This terrorist quickly left the country to become its delegate abroad. He then received training from the CIA, which assigned him to terrorist operations against Cuba. He was not included in the Bay of Pigs operation and dedicated himself to carry out attacks against Cuban coasts and ships. In 1966 he was accused of extorting money from emigrants in Miami and was arrested by the Collier Country police when six bombs were found in the trunk of his car.
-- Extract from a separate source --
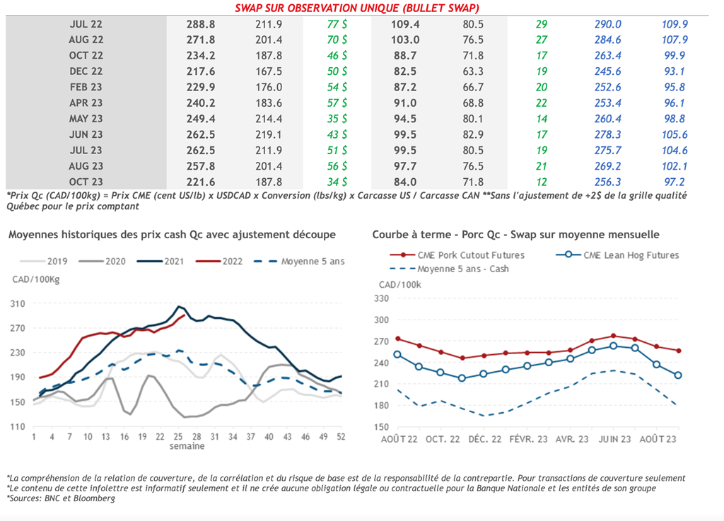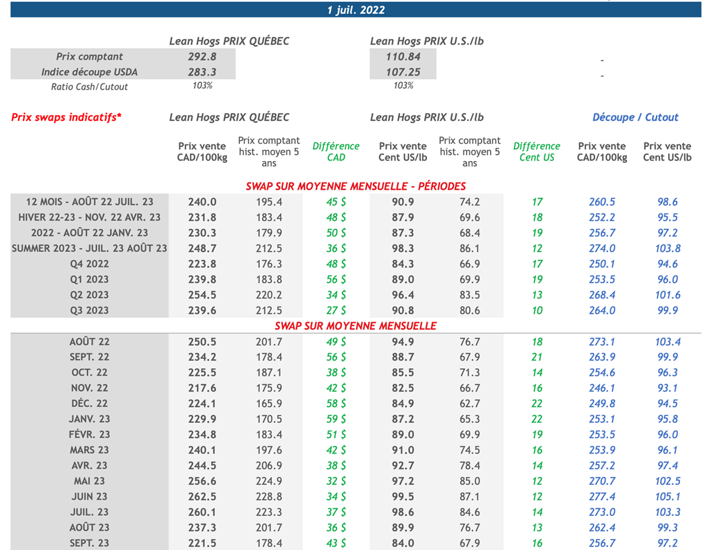 • Hier, le prix du porc d'août-22 a commencé la journée en hausse, mais a par la suite rebaissé pour clôturer à 102,10 cents US/lb, en baisse1,48 cent US/lb par rapport à la fermeture de mercredi.

In 1968 he was sentenced to 10 years in prison for firing a bazooka against the Polish ship Polanica, docked in the port of Miami.
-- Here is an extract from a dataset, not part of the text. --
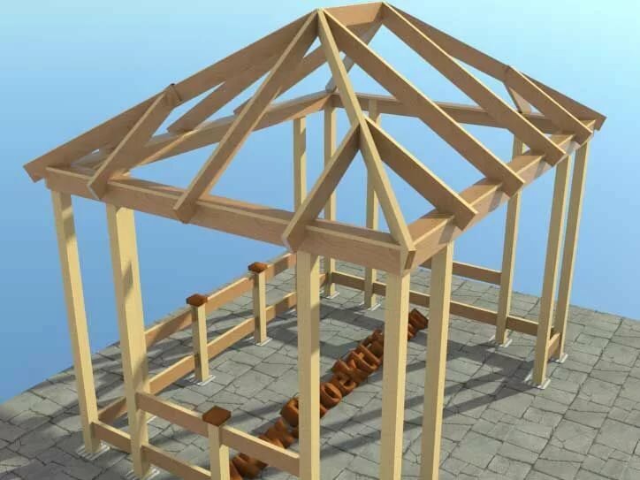 Важный момент: для того чтобы сделать стропильную систему понадобиться дерево хвойной породы, обладающее влажностью в двадцать процентов, и на котором отсутствуют синева и сучки.

While still in prison, he founded Poder Cubano, an organization based in Miami, New York and California, whose express objective was to act against anyone in the United States who supported negotiations with Cuba or supported other causes considered leftist; among them, opposition to the war in Vietnam.
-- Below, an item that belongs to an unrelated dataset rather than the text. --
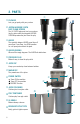 2. TEILE 1 1 STÖSSEL Setzt Obst und Gemüse unter Druck. 2 ENTSAFTEREINHEIT MIT LEICHT ZU REINIGENDEM ABSCHEIDER 2 Der XL-EINFÜLLSCHACHT füttert den Entsafter mit Zutaten, während der integrierte SAFTABSCHEIDER den Saft vom Trester trennt. 3 PRESSSCHNECKE Die speziell konzipierte PRESSSCHNECKE nimmt den Mund nicht zu voll. Die niedrige Drehzahl sorgt für kaltgepressten Saft ohne Matsch. 11 4 PRESSSCHNECKENGEHÄUSE Wo das Wunder passiert. Hier befindet sich die PRESSSCHNECKE.

That same year, Poder Cubano carried out bombings against the consulates of Spain, Mexico, Canada, Japan and Yugoslavia in New York; against a Mexican tourist agency in Chicago; the Cuban embassy in Japan, and placed 28 bombs in Miami, among them, in a Mexican airplane, in the residence of the British consul, in the Chilean consulate, in the Air Canada office and in agencies that sent packages to Cuba.

According to FBI detective Fernando Mata, the Novo Sampoll brothers were also part of the group that placed a bomb on a TWA airplane in Los Angeles, California, an act of terror credited to the criminal, Jose Duarte Oropesa, who claimed to be the head of Poder Cubano in California.

In spite of this terrorist record, Bosch was paroled in 1972, his release from prison coinciding with a campaign of reorganization of corruption in the counterrevolution that had one of its most violent expressions in the assassination of one of its leading figures at the time, José Elías de la Torriente Ajuria, on April 12, 1974, for which Bosch is interrogated, and the placing of a bomb in the car of Ricardo Mono Morales, Cuban counterrevolutionary, CIA agent, who also turned out to be an informant of the Federal Bureau of Investigation and testified against Bosch in the trial in which he was convicted.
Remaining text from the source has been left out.